Get Involved

Chris Mc Loone   Chris Mc Loone

Having read through 100 years of minutes to research its history, I can confidently say that fiscal responsibility has been a priority since day one for Weldon Fire Company. I don’t bring this up to brag but rather because although financial stability is a constant at Weldon, there are always occasions when an influx of funds can help any department upgrade equipment sooner than later.

Weldon Fire Company is one of five independently chartered fire companies in the Abington Township (PA) Fire Department (ATFD). A recently accredited 100 percent volunteer department, the ATFD has been the recipient of more than $500,000 through the Assistance to Firefighters Grant (AFG) program administered by the Federal Emergency Management Agency (FEMA). Additionally, the ATFD received a $77,000 Staffing for Adequate Fire and Emergency Response (SAFER) grant to assist with its recruitment efforts. Admittedly, I had not given AFG/SAFER grants much thought in the beginning. I considered funds from these programs out of reach. However, when properly administered and when working collectively, the ATFD’s five fire companies were able to benefit from both these programs. We used the funds for radios and mobile data computers, PPE, and a self-contained breathing apparatus upgrade for the entire department.

Again, I don’t bring any of this up to brag. The fact is that the funds are out there. The AFG program has enjoyed really good years when the government funded it at a high level and other years where the program was leaner. Countless fire departments nationwide have benefited; the program has worked. But if the program does not get reauthorized this year, there will be no AFG/SAFER programs in 2018.

I am writing this in February. It has not been a month since the inauguration. The new administration has hit the ground running and is working to make good on campaign promises. I’m not looking to make this an editorial on politics, but some actions the new administration has taken have garnered enough attention that citizens who have felt strongly about them have flooded congressional phone lines. Right or wrong, the media picked up on this and reported about it. The phone lines have been overwhelmed. American citizens do have a way to make their voices heard. I bring this up for two reasons.
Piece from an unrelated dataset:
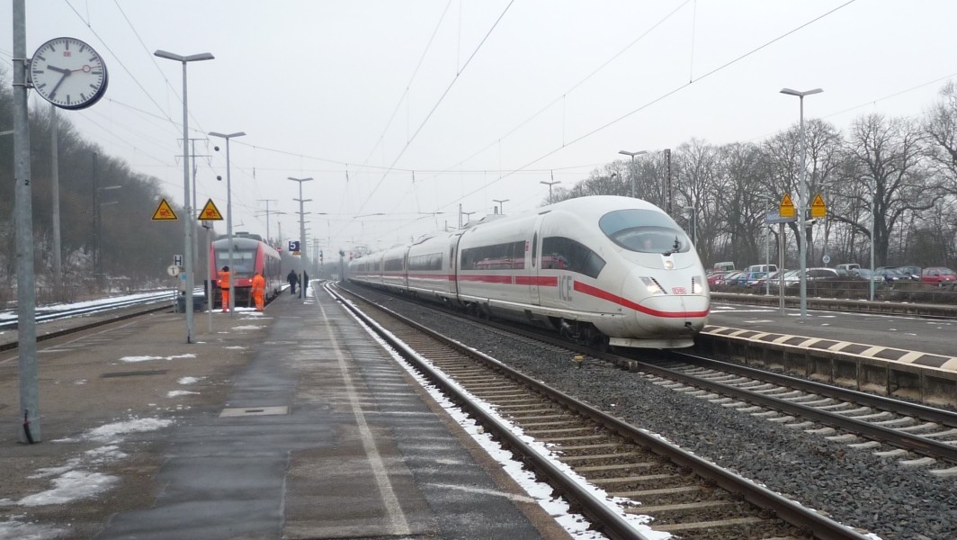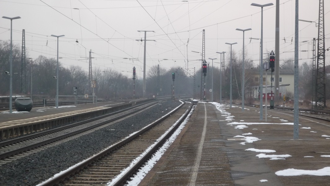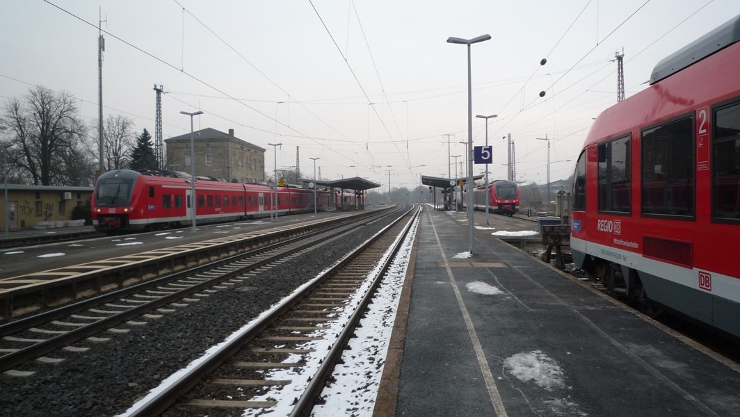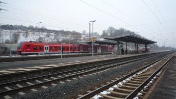 Soeben ist auf Gleis 2 der RE aus Nürnberg zur Weiterfahrt nach Würzburg angekommen.
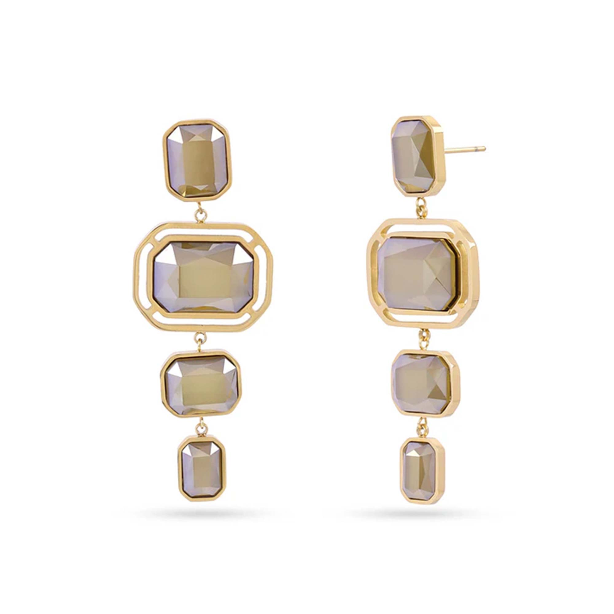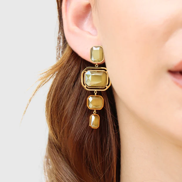 Estos impresionantes pendientes largos son una verdadera declaración de estilo, combinando la elegancia con la frescura del laurel. Cada pendiente presenta una secuencia de cuatro cristales facetados de forma rectangular en un vibrante tono turquesa. La distribución de los cristales crea un diseño escalonado y dinámico: un cristal superior más pequeño, seguido de uno más grande enmarcado con un borde dorado, y luego dos cristales más pequeños que cuelgan delicadamente. Esta disposición añade movimiento y un brillo excepcional a cada pieza. Perfectos para realzar un look de noche, añadir un toque sofisticado a un atuendo festivo o simplemente para quienes aman destacar con joyas únicas y llamativas. Colección Anartxy.

First, it has been less than month, and American citizens are very engaged right now in the decisions being made in Washington, D.C., and are making it known whether they like them or not. Some decisions are getting more attention than others, but the populace is making its voice heard. We know the phones are ringing off the hook, and we know there are people there to answer the calls. So, we know that if we call regarding AFG/SAFER, someone will be there to answer the phone.

Second, there is a lot going on at the moment in Washington, and that’s really an understatement. If you value the AFG/SAFER programs, don’t let them get lost in the fray. Call your representatives and senators and tell them how important these programs are to your departments. Get chiefs and other fire department administrators involved. Make sure the message carries the weight of department brass and the volume of the rank and file.

Make Intentions Clear

Two recent fire apparatus crashes have been on my mind. We talk about scene safety and how to use apparatus to block traffic and how motorists still aren’t often paying attention and ram the back of the trucks – apparatus not moving being hit. Here I’ve often mentioned how apparatus operators must drive appropriately so as to avoid accidents. But, there’s another aspect of fire apparatus response that exists. The two recent accidents I have been thinking about involved fire apparatus being hit while responding. One truck was sideswiped and the other hit by a vehicle that failed to yield.

When I was in driver training, the chief engineer who qualified me on all the trucks would tell me to make sure other drivers knew what I was going to do – to make it clear what my intentions were. He would say that there were apparatus operators who drove in such a way that no one knew what they were going to do, and that is how accidents happen. And, I believe he was right. But as these two incidents show, the trick is to do it while also driving defensively. Drivers today are so distracted by all the “noise” surrounding them in their vehicles that there is no way of knowing whether they see us to know what our intentions are. Drive with a purpose, but never believe other drivers know what you’re going to do until they prove it by moving aside.